**WORK ITEM**
Leaving out the pictures, reproduce each record exactly and in full.

(Source records)
_ _ _ _ _

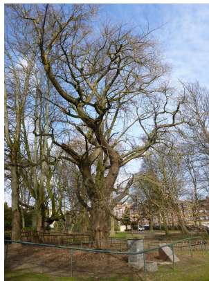
Japanse notenboom, Muzenpark
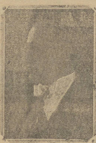
PRESIDENTE GETULIO VARGAS

Competente, com 25 anos de pratica, oferece-se. Informações nesta redação.
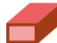
Конфеты мягкие, глазированные шоколадом
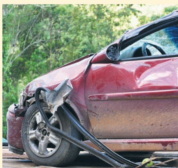
Czyt. str. 13
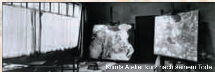
Klimts Atelier kurz nach seinem Tode

Die sogenannte Klimt-Villa, Gustav Klimts letztes Atelier (Feldmühlgasse 15a, in Unter St. Veit) ist wohl der Mehrheit der Ober St. Veiter Bevölkerung mittlerweile ein Begriff geworden. Es ist das einzig erhaltene Atelier, in dem der Einblick in das Werk eines der berühmtesten österreichischen Künstler authentisch erlebbar ist.
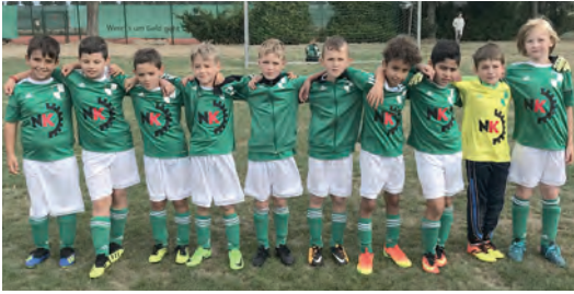
„Ein Teil der U9“

geführt. Hier sollen die Kinder das Spiel selber regeln, deshalb wird auch ohne Schiedsrichter gespielt. Nur in „schwierigen“ Spielsituationen sollen die Trainer unterstützend eingreifen. Mit nun mehr als 3 Jahren Erfahrung lässt sich sagen,
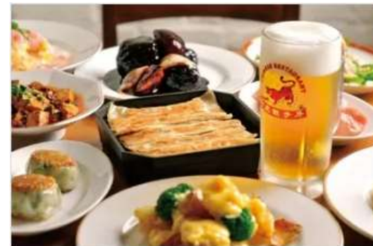
Gourmet BENITORA GYOZABOU

นำท่านเดินทางสู่ AEON TOWN SHOPPING MALL ท่านสามารถอิสระซื้อสินค้าทั่วไปของญี่ปุ่นเช่น ขนม, อาหารว่าง, ของเล่น, กระเป๋า, รองเท้า, เสื้อผ้า
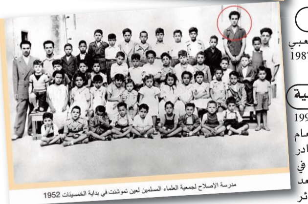
مدرسة الإصلاح لجمعية العلماء المسلمين لعين تموشنت في بداية الخمسينات 1952
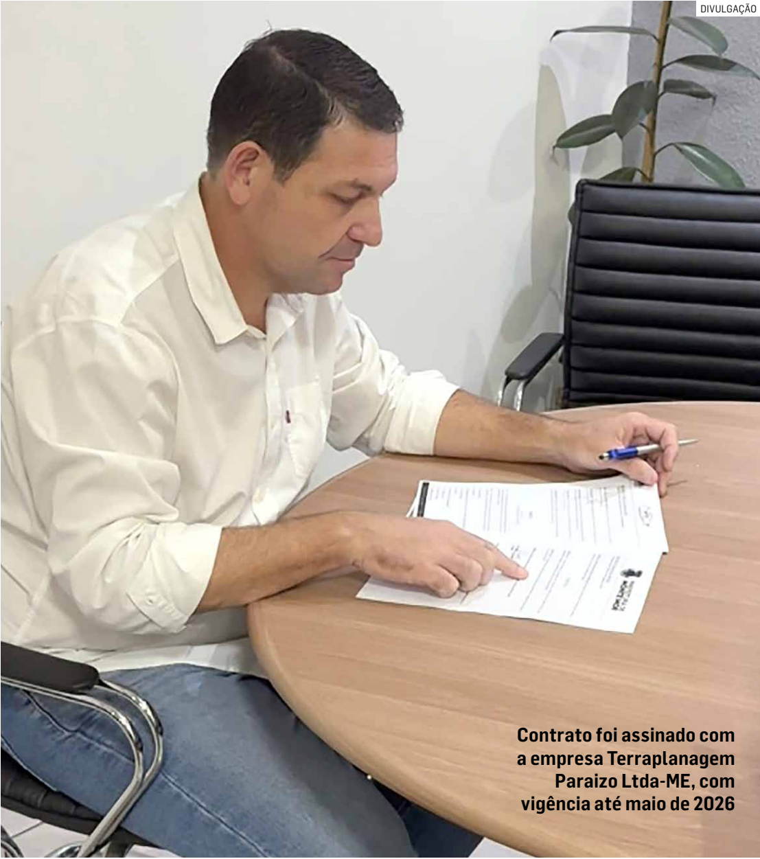
Contrato foi assinado com a empresa Terraplanagem Paraizo Ltda-ME, com vigência até maio de 2026

Dispensa de licitação prevê seis meses de serviços com equipamentos pesados e operadores; objetivo é reforçar ações da Defesa Civil em combate às queimadas, além de promover limpeza de áreas afetadas; contratação foi publicada no Diário Oficial do Município pelo Executivo
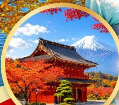
ชมประตูโทเซกิกิจิแชนมอน วัดโทเซกิกิจิ

_ _ _ _ _

**THE ANSWER**
Japanse notenboom, Muzenpark
PRESIDENTE GETULIO VARGAS

Competente, com 25 anos de pratica, oferece-se. Informações nesta redação.
Конфеты мягкие, глазированные шоколадом
Czyt. str. 13
Klimts Atelier kurz nach seinem Tode

Die sogenannte Klimt-Villa, Gustav Klimts letztes Atelier (Feldmühlgasse 15a, in Unter St. Veit) ist wohl der Mehrheit der Ober St. Veiter Bevölkerung mittlerweile ein Begriff geworden. Es ist das einzig erhaltene Atelier, in dem der Einblick in das Werk eines der berühmtesten österreichischen Künstler authentisch erlebbar ist.
„Ein Teil der U9“

geführt. Hier sollen die Kinder das Spiel selber regeln, deshalb wird auch ohne Schiedsrichter gespielt. Nur in „schwierigen“ Spielsituationen sollen die Trainer unterstützend eingreifen. Mit nun mehr als 3 Jahren Erfahrung lässt sich sagen,
Gourmet BENITORA GYOZABOU

นำท่านเดินทางสู่ AEON TOWN SHOPPING MALL ท่านสามารถอิสระซื้อสินค้าทั่วไปของญี่ปุ่นเช่น ขนม, อาหารว่าง, ของเล่น, กระเป๋า, รองเท้า, เสื้อผ้า
مدرسة الإصلاح لجمعية العلماء المسلمين لعين تموشنت في بداية الخمسينات 1952
Contrato foi assinado com a empresa Terraplanagem Paraizo Ltda-ME, com vigência até maio de 2026

Dispensa de licitação prevê seis meses de serviços com equipamentos pesados e operadores; objetivo é reforçar ações da Defesa Civil em combate às queimadas, além de promover limpeza de áreas afetadas; contratação foi publicada no Diário Oficial do Município pelo Executivo
ชมประตูโทเซกิกิจิแชนมอน วัดโทเซกิกิจิ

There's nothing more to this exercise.